Reputation: 443
I want to copy a particular area of image1 to image2. For that I am using the following code.
for i=1:m
for j=1:n
if(OD(i,j)==0)
result(i,j,1)=Original(i,j,1);
result(i,j,2)=Original(i,j,2);
result(i,j,3)=Original(i,j,3);
end
end
end
This is fine and pretty good. Just to reduce the execution time, I tried the following
for i=1:m
for j=1:n
if(OD(i,j)==0)
result(i,j)=Original(i,j);
end
end
end
This is giving some unnecessary color on the result image. You can see pink color in this image.
Also when I try
result(OD==0)=Original;
I am getting the following error.
In an assignment A(:) = B, the number of elements in A and B must be the same.

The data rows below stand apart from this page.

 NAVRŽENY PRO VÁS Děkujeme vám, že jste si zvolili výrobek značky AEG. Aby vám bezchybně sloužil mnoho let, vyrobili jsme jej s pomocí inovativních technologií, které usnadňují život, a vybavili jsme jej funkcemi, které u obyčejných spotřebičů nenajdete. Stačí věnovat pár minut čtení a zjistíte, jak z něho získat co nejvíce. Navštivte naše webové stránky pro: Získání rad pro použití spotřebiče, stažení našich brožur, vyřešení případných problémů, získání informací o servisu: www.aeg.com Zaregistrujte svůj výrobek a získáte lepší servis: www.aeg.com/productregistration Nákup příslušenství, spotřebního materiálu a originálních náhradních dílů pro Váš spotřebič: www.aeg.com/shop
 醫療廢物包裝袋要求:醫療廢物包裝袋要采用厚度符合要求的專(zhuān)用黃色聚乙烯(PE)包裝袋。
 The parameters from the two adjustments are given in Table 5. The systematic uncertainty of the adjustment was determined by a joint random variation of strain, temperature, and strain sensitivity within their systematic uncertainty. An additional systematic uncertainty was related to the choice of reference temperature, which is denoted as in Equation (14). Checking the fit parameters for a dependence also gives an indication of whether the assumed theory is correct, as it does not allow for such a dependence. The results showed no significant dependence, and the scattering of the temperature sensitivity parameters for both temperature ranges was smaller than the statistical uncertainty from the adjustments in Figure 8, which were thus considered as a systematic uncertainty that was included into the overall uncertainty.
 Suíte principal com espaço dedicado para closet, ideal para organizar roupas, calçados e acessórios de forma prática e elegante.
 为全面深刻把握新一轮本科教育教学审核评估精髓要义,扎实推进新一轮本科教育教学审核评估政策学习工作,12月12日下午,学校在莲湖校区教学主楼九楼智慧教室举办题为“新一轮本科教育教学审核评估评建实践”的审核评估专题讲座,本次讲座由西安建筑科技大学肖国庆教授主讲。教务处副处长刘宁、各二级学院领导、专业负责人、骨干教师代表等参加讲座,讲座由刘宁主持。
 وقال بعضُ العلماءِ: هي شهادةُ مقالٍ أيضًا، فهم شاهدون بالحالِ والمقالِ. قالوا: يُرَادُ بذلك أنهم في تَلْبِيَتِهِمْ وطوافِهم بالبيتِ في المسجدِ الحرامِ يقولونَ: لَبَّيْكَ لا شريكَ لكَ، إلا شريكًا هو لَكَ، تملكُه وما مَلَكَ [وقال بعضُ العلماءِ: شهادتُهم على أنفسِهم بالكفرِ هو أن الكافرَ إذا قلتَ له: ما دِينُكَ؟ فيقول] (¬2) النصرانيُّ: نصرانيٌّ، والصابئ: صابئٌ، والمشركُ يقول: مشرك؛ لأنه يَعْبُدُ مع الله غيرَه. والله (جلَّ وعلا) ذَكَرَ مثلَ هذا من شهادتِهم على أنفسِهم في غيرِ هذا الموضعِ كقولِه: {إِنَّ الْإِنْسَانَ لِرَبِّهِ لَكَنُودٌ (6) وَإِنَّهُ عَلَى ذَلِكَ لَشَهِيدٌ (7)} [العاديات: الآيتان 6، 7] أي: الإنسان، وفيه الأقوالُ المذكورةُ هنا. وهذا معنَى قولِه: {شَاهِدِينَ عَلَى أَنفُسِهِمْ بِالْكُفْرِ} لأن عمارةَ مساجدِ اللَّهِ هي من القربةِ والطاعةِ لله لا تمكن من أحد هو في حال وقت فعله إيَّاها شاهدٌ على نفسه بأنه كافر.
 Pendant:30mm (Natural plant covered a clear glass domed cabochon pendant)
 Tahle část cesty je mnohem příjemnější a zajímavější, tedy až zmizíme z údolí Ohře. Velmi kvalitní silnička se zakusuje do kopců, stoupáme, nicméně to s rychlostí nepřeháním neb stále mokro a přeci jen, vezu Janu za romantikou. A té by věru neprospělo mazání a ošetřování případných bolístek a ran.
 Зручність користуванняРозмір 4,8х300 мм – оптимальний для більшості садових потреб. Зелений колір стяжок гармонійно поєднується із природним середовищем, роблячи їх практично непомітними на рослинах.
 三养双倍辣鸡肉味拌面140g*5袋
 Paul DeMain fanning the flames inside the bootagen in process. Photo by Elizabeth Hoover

But both the result and Original images are of same sizes. I don't understand why this is occurring. Can some one tell me what is the difference between them and why the outputs are like that.
Upvotes: 0
Views: 323
Reputation: 2256
The reason is because you haven't set all colours (dimensions) to zero.
Why not vectorise it
[R,C] = find(OD==0); % // Get the coordinates where OD is zero
result(R,C,:)=Original(R,C,:); % // copy the data over at those coordinates
Timings between the the approach above and the original is below. The timings might look slow but bear in mind that it is not on the fastest computer and should be seen as a relative measure.
+----------+------------+
| Original | Vectorised |
+----------+------------+
| 3.663 s | 0.246 (s) |
+----------+------------+
Upvotes: 0
Reputation: 1
I think one image in Matlab have 3 spaces: R, G, B with (,,1) (,,2) (,,3). Problem of you: result(i,j)=Original(i,j);
Upvotes: 0
Reputation: 2431
try
result(OD==0)=Original(OD==0);
otherwise you try to copy the whole Original image into a (sub) area of the result image.